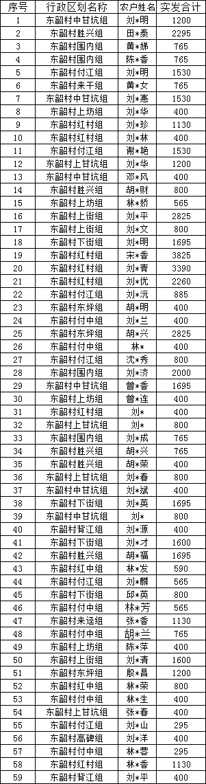 【社會救助】東韶村2025年12月份農村低保名單公示
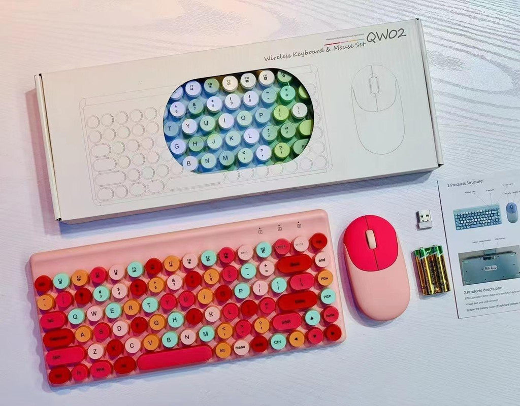 Experience a delightful typing experience with our Wireless Keyboard and Mouse Combo, featuring charming retro round keycaps and a comfortable, ergonomic design. This set connects seamlessly via a 2.4GHz wireless connection (plug and play USB receiver) with a transmission distance of approximately 10 meters. The keyboard boasts an ergonomic 6-degree tilt angle for comfortable typing, reducing finger fatigue. With 86 keys, it offers a compact yet functional layout. Both the keyboard and mouse are designed for multi-device compatibility and offer long-lasting battery life, powered by standard AA batteries. The low-saturation finishes add a touch of sweetness and modern vitality to your workspace.
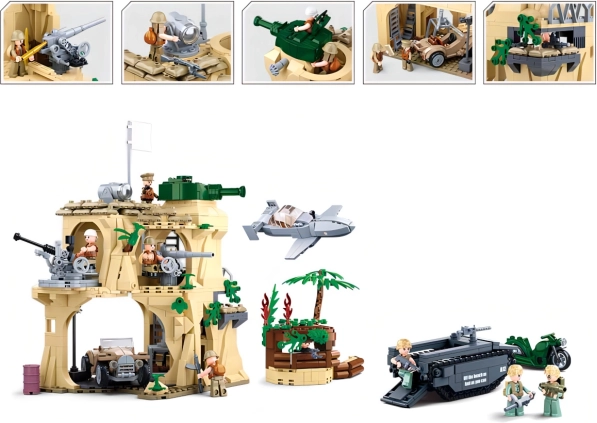 Propracovaná stavebnice inspirovaná bitvou o Iwodžimu přináší vše, co děti i sběratelé potřebují k napínavé akční hře. V balení najdete vícepodlažní pevnost s obrannými prvky, dopravní i bojovou techniku a sadu minifigurek s pohyblivými částmi pro realistické scénáře. Střední obtížnost stavby nabízí příjemnou výzvu bez zbytečné frustrace.
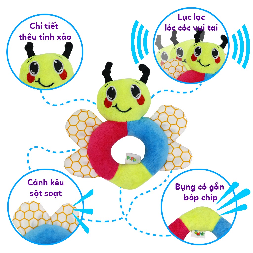 - Lục lạc chuông lớn tạo tiếng kêu leng keng giúp kích thích thính giác thu hút bé khi chơi. Ngoài ra trên lục lạc còn có tiếng kêu sột soạt của màng nylon, tiếng bóp chíp ở bụng lục lạc.
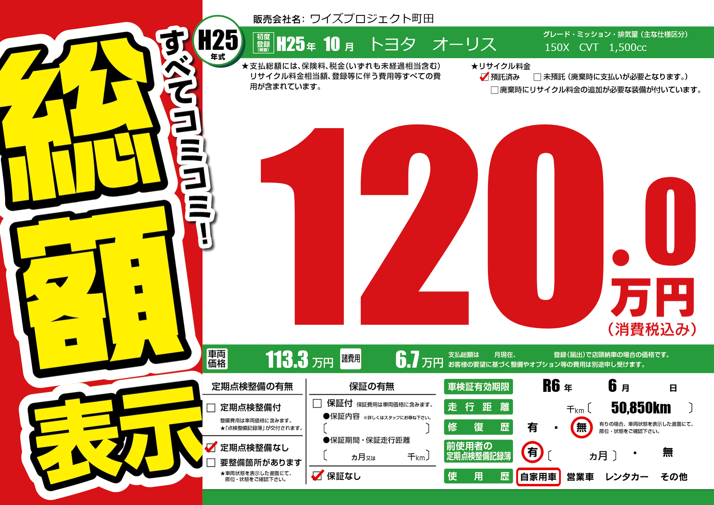 | 車名 | トヨタ オーリス | グレード ミッション 排気量 |
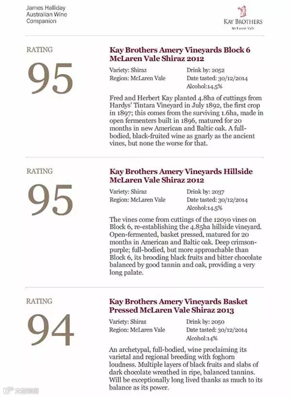 ● Kay Brothers Amery Vineyard Block 6 Shiraz凯氏兄弟庄园艾美丽6号西拉
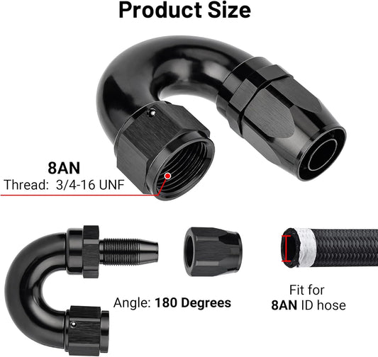 EVIL ENERGY 8AN 180 Degree One Piece Full Flow Hose End Fitting Swivel For CPE Braided Hose
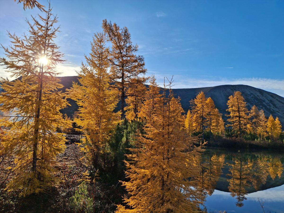 Еще в начале сентября у меня была небольшая рабочая поездка на Талую. Географически Талая находится на Охотско-Колымском водоразделе, на колымской стороне. Все реки и ручьи отсюда текут в Колыму. Здесь я первый раз в жизни попала в самый пик золотой осени! Такое случается не каждый год. Часто дожди и ветра быстро срывают воздушную хвою с лиственниц. Но в этом году в начале сентября стояла ясная тихая погода и мы в полной мере смогли насладиться насыщенными красками начинающегося увядания лиственничных лесов. В Магадане было еще лето, деревья стояли зеленые. На Охотской стороне водораздела, в верховьях реки Ола, осень только начинала вступать в свои права. Сверкали желтизной пойменные ивы, а лиственницы пока не сдались, зеленая хвоя у них преобладала. Листья чозении не обретают яркой окраски, их зелень просто постепенно блекнет, а вот тополя в сентябре пестреют желто-зеленой мозаикой. При подъеме на плато водораздела картина меняется - лиственницы наверху уже все пожелтели, а местами

▬▬▬▬▬▬

Work instructions >> What you hand back should match the listing exactly, except that no pictures appear.

Reply >>
 【社會救助】東韶村2025年12月份農村低保名單公示
 Experience a delightful typing experience with our Wireless Keyboard and Mouse Combo, featuring charming retro round keycaps and a comfortable, ergonomic design. This set connects seamlessly via a 2.4GHz wireless connection (plug and play USB receiver) with a transmission distance of approximately 10 meters. The keyboard boasts an ergonomic 6-degree tilt angle for comfortable typing, reducing finger fatigue. With 86 keys, it offers a compact yet functional layout. Both the keyboard and mouse are designed for multi-device compatibility and offer long-lasting battery life, powered by standard AA batteries. The low-saturation finishes add a touch of sweetness and modern vitality to your workspace.
 Propracovaná stavebnice inspirovaná bitvou o Iwodžimu přináší vše, co děti i sběratelé potřebují k napínavé akční hře. V balení najdete vícepodlažní pevnost s obrannými prvky, dopravní i bojovou techniku a sadu minifigurek s pohyblivými částmi pro realistické scénáře. Střední obtížnost stavby nabízí příjemnou výzvu bez zbytečné frustrace.
 - Lục lạc chuông lớn tạo tiếng kêu leng keng giúp kích thích thính giác thu hút bé khi chơi. Ngoài ra trên lục lạc còn có tiếng kêu sột soạt của màng nylon, tiếng bóp chíp ở bụng lục lạc.
 | 車名 | トヨタ オーリス | グレード ミッション 排気量 |
 ● Kay Brothers Amery Vineyard Block 6 Shiraz凯氏兄弟庄园艾美丽6号西拉
 EVIL ENERGY 8AN 180 Degree One Piece Full Flow Hose End Fitting Swivel For CPE Braided Hose
 Еще в начале сентября у меня была небольшая рабочая поездка на Талую. Географически Талая находится на Охотско-Колымском водоразделе, на колымской стороне. Все реки и ручьи отсюда текут в Колыму. Здесь я первый раз в жизни попала в самый пик золотой осени! Такое случается не каждый год. Часто дожди и ветра быстро срывают воздушную хвою с лиственниц. Но в этом году в начале сентября стояла ясная тихая погода и мы в полной мере смогли насладиться насыщенными красками начинающегося увядания лиственничных лесов. В Магадане было еще лето, деревья стояли зеленые. На Охотской стороне водораздела, в верховьях реки Ола, осень только начинала вступать в свои права. Сверкали желтизной пойменные ивы, а лиственницы пока не сдались, зеленая хвоя у них преобладала. Листья чозении не обретают яркой окраски, их зелень просто постепенно блекнет, а вот тополя в сентябре пестреют желто-зеленой мозаикой. При подъеме на плато водораздела картина меняется - лиственницы наверху уже все пожелтели, а местами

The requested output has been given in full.